Domino’s stock price skyrocketed 25% in morning trading Thursday as higher-than-expected same-store sales eased investor worries about the encroaching threat from third-party delivery services.
The company said its U.S. same-store sales rose 3.4% in the last three months of 2019, easily besting expectations from investors and analysts that expected a continued slowdown in the key metric.
The company’s slowing sales in prior quarters, including negative same-store sales on delivery orders, had worried investors who believed third-party services were a growing competitive threat.
Yet same-store sales on delivery orders improved in the fourth quarter, while the chain’s growing carryout business continued to accelerate.
The stock hit an all-time high of $380 per share Thursday before settling in the $370 range.
Speaking on their fourth quarter earnings call Thursday, Domino’s executives said the promotional activity from third-party delivery players appears to have leveled off, even as it remains “intense.”
“Certainly, we still saw a lot of aggregator promotion and advertising activity,” CEO Ritch Allison said. “We felt like that leveled off a bit relative to the third quarter, but that pressure is still there and quite intense.”
Domino’s executives credited some of the company’s efforts in the quarter, notably its “delivery insurance” promotion guaranteeing a quality experience on delivery orders. The program “resonated well” with customers, they said.
He also said the company’s carryout promotions worked well and “drove terrific results.”
Allison acknowledged some things that didn’t work, notably its late-night promotional program, though he said it drove sales in certain markets.
Domino’s domestic same-store sales have risen for 35 straight quarters. The company hasn’t had a negative comparable-store number since 2011. That period has turned Domino’s into the biggest pizza chain in the world and one of the strongest-growing large restaurant brands of any kind.

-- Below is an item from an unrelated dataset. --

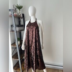 Stunning sequin halter maxi dress in a rich brown shade. Perfect for evening events. Size XS may have a few sequins missing just because of manipulations. Nwt

Globally, Domino’s added 1,106 units over the past year, reaching 17,000 worldwide. In the U.S., the company added 250 restaurants, reaching 6,126. The company has been “fortressing” markets or building more stores closer together.
Allison said on Thursday that fortressed stores provide “faster and more consistent service, lower delivery cost, better economics and incremental carryout.”
Domino’s strong sales growth has been good for the company’s domestic operators. The company said that restaurant-level earnings before interest, taxes, depreciation and amortization for franchisees would be “more toward the high end” of its predicted range of $136,000 to $139,000.
Yet Allison acknowledged “challenges” in the operating environment as labor and fixed costs continue to rise. He said that the company is “intensely focused on helping to drive efficiency and profitability at a store level for franchisees.”
“It’s a really tough environment from a profitability standpoint,” Allison said. “If we were not growing our sales, profit would be declining.”
Allison made numerous references to profits of the company’s third-party delivery competitors, which spent much of 2019 offering more deals to generate user growth.
He said the company faced “an unprecedented acceleration of competitive activity around delivery. Our alignment and focus on the system is more important than ever as we face new competitors that are not bound by the constraints and requirements associated with a profitable business model.”
Allison believes the promotional environment will continue this year, even as profit pressures on third-party delivery players continue.
“We don’t know how these folks are going to behave,” he said, noting that the company is still expecting delivery promotions to influence its sales. “They’re standing in a circular firing squad right now. They’re going to keep advertising, continue to keep discounting, because they don’t have a choice.
“We’re not standing in the circle. But we might get hit by a few stray bullets.”